A biannual Investors Index survey by MRD Partners revealed that there are more investors planning to buy properties this year. The survey collates responses from 10,000 investors and found out that about 60 percent of investors had the intention to buy this year, in comparison to 25 percent at the same time last year. The survey also showed that majority of those interviewed would opt for property investments in housing and land over units, with 63 percent preferring the former over 37% for the latter.
MRD Partners managing director Nick Lockhart comments, “Buyer confidence in property is returning and there’s broad expectation that now is the time to buy. The market is favouring the stability of bricks and mortar and seeking long-term capital growth.”
The survey discovered that investors remained careful about the price they would spend on the property with their ideal range between $350,000 and $450,000. Mr. Lockhart explains, “Buyers want capital growth and that price point—and if they’re careful about where they buy—it’s where they’ll get it.”
Meanwhile, 74 percent of first time investors were getting ready to buy this year and were naturally even more cautious with their planned first investment and were only willing to spend between $250,000 to $350,000. Mr. Lockhart explains that this could be for several reasons citing financial concerns, comfort level with monthly repayments, and emotional reasons as just some of investors’ motivations to choose a lower price point.

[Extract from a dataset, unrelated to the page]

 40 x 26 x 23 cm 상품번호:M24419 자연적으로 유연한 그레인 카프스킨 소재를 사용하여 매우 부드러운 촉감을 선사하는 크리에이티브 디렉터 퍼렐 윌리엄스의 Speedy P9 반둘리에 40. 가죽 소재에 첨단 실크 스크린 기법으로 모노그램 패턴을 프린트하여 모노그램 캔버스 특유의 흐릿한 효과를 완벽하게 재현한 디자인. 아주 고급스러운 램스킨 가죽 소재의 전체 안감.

The survey came just after a separate study by RP Data last week revealed that sellers earned an accumulated $15.2 billion in profits in the last quarter of 2013 in property re-sales. The report also showed that the best region for turning a profit was Victoria’s Loddon Shire region, and then Sydney, Perth, and Central Highlands in Victoria. Overall, properties within capital cities performed the best with only 6.5 percent suffering a loss. This represents the lowest level in three years.

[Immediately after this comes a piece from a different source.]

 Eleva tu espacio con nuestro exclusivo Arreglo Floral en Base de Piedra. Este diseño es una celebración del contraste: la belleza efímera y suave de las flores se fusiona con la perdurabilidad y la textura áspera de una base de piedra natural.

The report also underlined the correlation of an investor’s holding period to the possibility of them turning a profit. In Sydney, Melbourne, and Canberra, the fraction of loss was the highest for homes that were resold after one to three years. From the report, the average period to hold a property if you want to make a profit was at 9.9 years, while if you want to double your profit, you need to hold for about 16 years.

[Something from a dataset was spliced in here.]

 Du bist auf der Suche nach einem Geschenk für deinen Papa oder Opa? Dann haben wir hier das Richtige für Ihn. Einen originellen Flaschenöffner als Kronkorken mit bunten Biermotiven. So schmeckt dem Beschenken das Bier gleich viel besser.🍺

RP Data research analyst Cameron Kusher explains that the possibility of making a gross profit or a loss is quite different based on the amount of time a property is owned. To elaborate, properties bought before the financial crisis generally sold for a profit during last year’s December quarter, while properties purchased after that and sold during the same quarter generally were sold at a loss.
He explains, “It just reiterates the long-term nature of investing in the housing market. I think what we have seen more recently is reflective of the market going forward, so people just need to take a long-term view of buying property.” This seems to be an apt advice in this period of strong auction clearance rates as more sellers list their properties before the coming Easter slowdown.